## Task to carry out:
Make the copy match the entries below exactly, with no pictures carried over.

Collected data
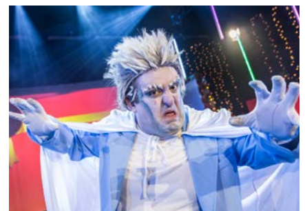
The Greatest Show... That Never Was!
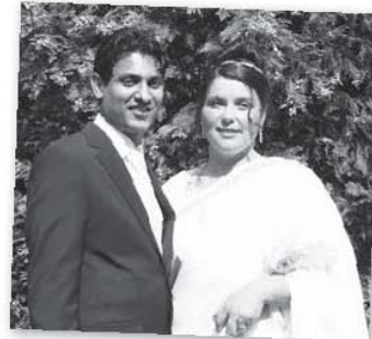
Le mariage de ma sœur
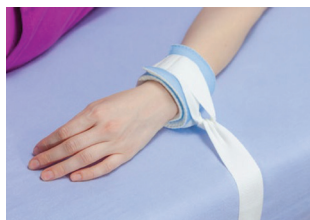
OPASKA NA KOŃCZYNĘ NA RZEP Z PĘTLĄ
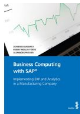
Business Computing with SAP® Ladenpreis: 48,00EUR
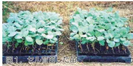
図1. セル育苗した苗

本葉2.5〜3.0枚程度が植え付けの適期です。もしも定植が遅れるようでしたら、こまめに液肥を与えて肥切れをおこさないようにします。また、9cmもしくは10.5cmのポリポットに鉢上げしてやると、しばらく定植を遅らせることができます。

## Expected answer:
The Greatest Show... That Never Was!
Le mariage de ma sœur
OPASKA NA KOŃCZYNĘ NA RZEP Z PĘTLĄ
Business Computing with SAP® Ladenpreis: 48,00EUR
図1. セル育苗した苗

本葉2.5〜3.0枚程度が植え付けの適期です。もしも定植が遅れるようでしたら、こまめに液肥を与えて肥切れをおこさないようにします。また、9cmもしくは10.5cmのポリポットに鉢上げしてやると、しばらく定植を遅らせることができます。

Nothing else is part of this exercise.